Task details: Beginning with the line that holds "activity and bip...", copy each line through the end of the material below, exactly and with no pictures.
[Input data]
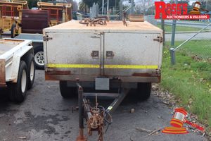 GREY, TANDEMAXLE (REG# UNLIC) S/N: UON011, PINTAL HITCH, TEAR AWAY BRAKES, OUTRIGGER LEGS, TOOLBOX, SPARE WHEEL CARRIER, PAD EYE TIE DOWN POINTS, CHECKER PLATE DECK, ELECTRIC/HYDRAULIC BRAKE ACTUATOR SYSTEM, T004 (WP395)
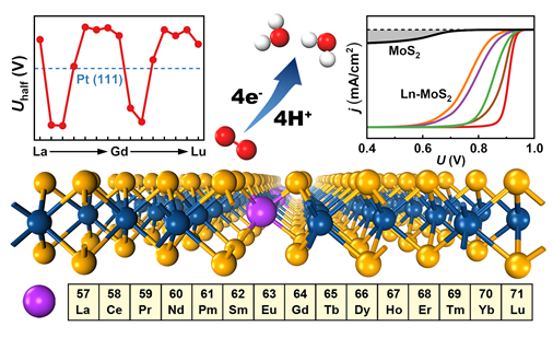 寧波材料所在二硫化鉬電化學(xué)行為研究方面取得新進(jìn)展,相關(guān)成果以“Lanthanide-doped MoS2 with enhanced oxygen reduction activity and bip...
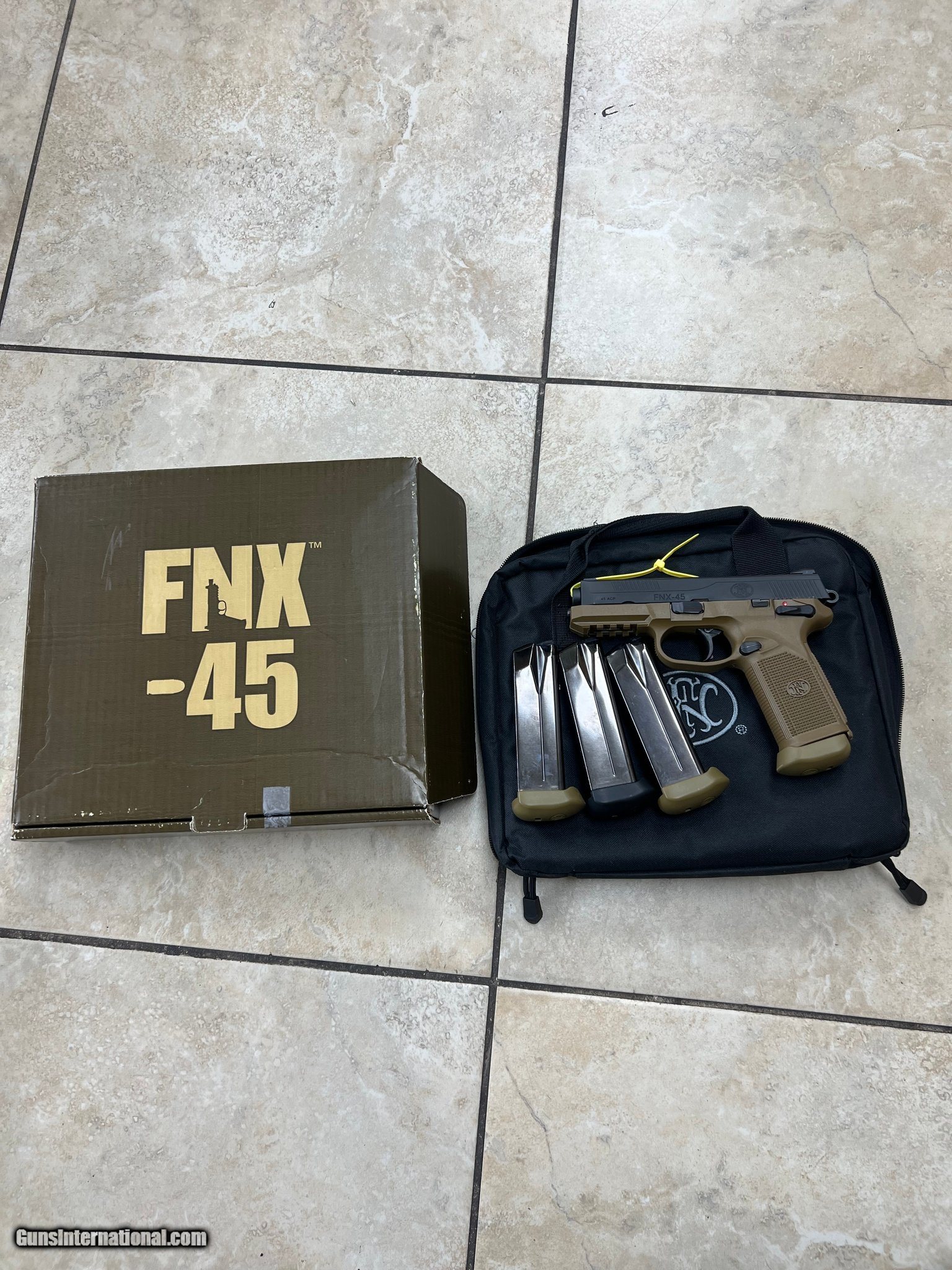 Description: Guns Listing ID: 484596 Cokes with 4 mags original box SOLD Manufacturer: FN Model: FNX-45 Caliber Info: .45 ACP Condition: Used - Non-Certified Barrels: 4.5 BARREL Finish: black/fde |
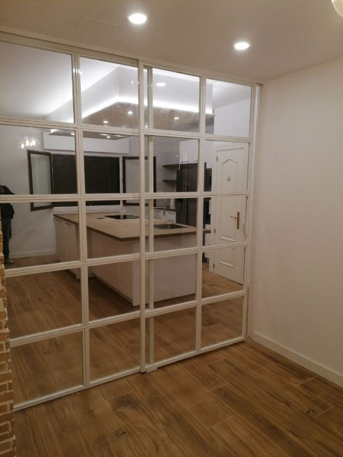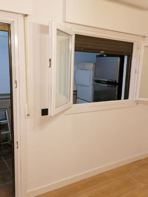 Reforma de cocina americana con comedor y lacado de puertas y ventanas.
[/Input data]
Reply to the task:
 寧波材料所在二硫化鉬電化學(xué)行為研究方面取得新進(jìn)展,相關(guān)成果以“Lanthanide-doped MoS2 with enhanced oxygen reduction activity and bip...
 Description: Guns Listing ID: 484596 Cokes with 4 mags original box SOLD Manufacturer: FN Model: FNX-45 Caliber Info: .45 ACP Condition: Used - Non-Certified Barrels: 4.5 BARREL Finish: black/fde |
 Reforma de cocina americana con comedor y lacado de puertas y ventanas.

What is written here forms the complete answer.